1. Direct the composition
1. 控制构图
Use terms such as:
- extreme close-up
- close-up
- medium shot
- medium-full shot
- wide shot
- aerial view
- top-down
- low angle
- high angle
- over-the-shoulder
- symmetrical framing
- centered composition
- rule-of-thirds placement
- foreground / midground / background layers
使用以下术语:
- 极端特写
- 特写
- 中景
- 中全景
- 全景
- 航拍视角
- 俯视
- 低角度
- 高角度
- 过肩视角
- 对称取景
- 居中构图
- 三分法布局
- 前景/中景/背景层次
2. Direct the camera and lens
2. 控制相机和镜头
Useful language:
- for environmental scale
24mm wide-angle - for natural cinematic framing
35mm - for neutral human perspective
50mm - for flattering compression
85mm portrait lens - for product and texture detail
macro lens - for subject separation
shallow depth of field (f/1.8) - for detailed environments
deep focus
实用表述:
- 体现环境尺度
24mm 广角 - 自然电影感构图
35mm - 中立人类视角
50mm - 讨喜的压缩效果
85mm 人像镜头 - 展示产品和纹理细节
微距镜头 - 突出主体分离度
浅景深 (f/1.8) - 展示环境细节
深焦
3. Direct the lighting
3. 控制光线
Useful language:
- golden hour backlight
- overcast daylight
- soft studio softbox lighting
- three-point lighting
- harsh chiaroscuro lighting
- volumetric god rays
- fog diffusion
- neon edge lighting
- candlelit interior
- wet-surface reflections
实用表述:
- 黄金 hour 逆光
- 阴天日光
- 柔光箱柔光灯
- 三点打光
- 强烈的明暗对比打光
- 体积感丁达尔光
- 雾漫射光
- 霓虹轮廓光
- 烛光室内光
- 湿表面反射光
4. Direct materiality
4. 控制材质
This is one of the most underused quality levers.

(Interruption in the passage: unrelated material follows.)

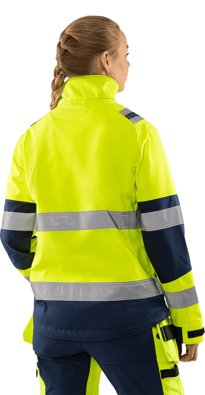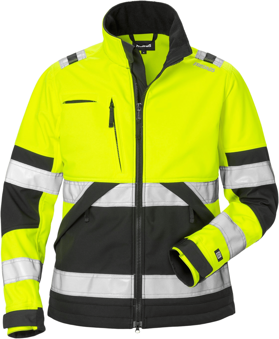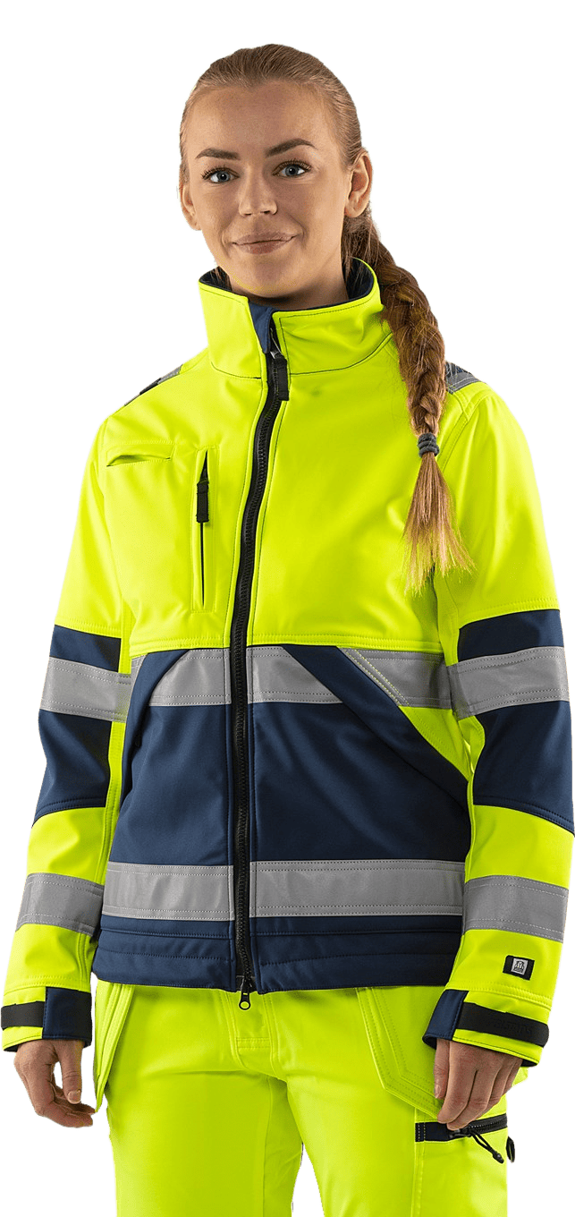 Näkyvä softshell-takki naisille. Tuulenpitävästä ja vettä hylkivästä joustavasta materiaalista valmistettu takki soveltuu lähes ympärivuotiseen käyttöön. Siirtymässä PFAS-vapaaksi

Name surfaces and imperfections.
Examples:
- weathered, cracked, moss-covered stone
- navy blue tweed with visible weave
- brushed aluminum with subtle micro-scratches
- rain-slick asphalt reflecting signage
- matte ceramic with fine glaze variation
- worn leather with creases and patina
这是最被低估的质量提升杠杆,明确说明表面和瑕疵。
示例:
- 风化、开裂、覆满苔藓的石头
- 带有清晰织纹的海军蓝粗花呢
- 带有细微划痕的拉丝铝
- 反射着标识的湿滑沥青
- 带有细微釉面差异的哑光陶瓷
- 带有褶皱和使用痕迹的旧皮革
5. Direct the color story
5. 控制色彩方案
Examples:
- muted teal and amber cinematic grading
- warm monochrome neutrals
- deep emerald and gold accents
- pastel candy palette with soft bloom
- high-contrast black-and-white with silver halation
示例:
- 柔和蓝绿和琥珀色电影调色
- 暖单色中性色
- 深祖母绿和金色点缀
- 柔和弥散的马卡龙糖果色
- 带银边光晕的高对比度黑白
JSON prompting for high-control jobs
高控制度任务的JSON提示词
For complex or high-fidelity prompts, use a structured block. This is especially useful for:
- complex scenes with multiple subjects
- product shots with precise materials and layout
- image edits with clear preserve/change rules
- typography-heavy compositions
- iterative workflows where you need to patch one section later
对于复杂或高保真的提示词,使用结构化块,尤其适合以下场景:
- 多主体的复杂场景
- 材质和布局精准的产品图
- 有明确保留/修改规则的图像编辑
- 重排版的构图
- 后续需要修改某一部分的迭代工作流
Hybrid JSON template
混合JSON模板
md
Create a polished, high-fidelity image that feels intentional, cinematic, and production-ready.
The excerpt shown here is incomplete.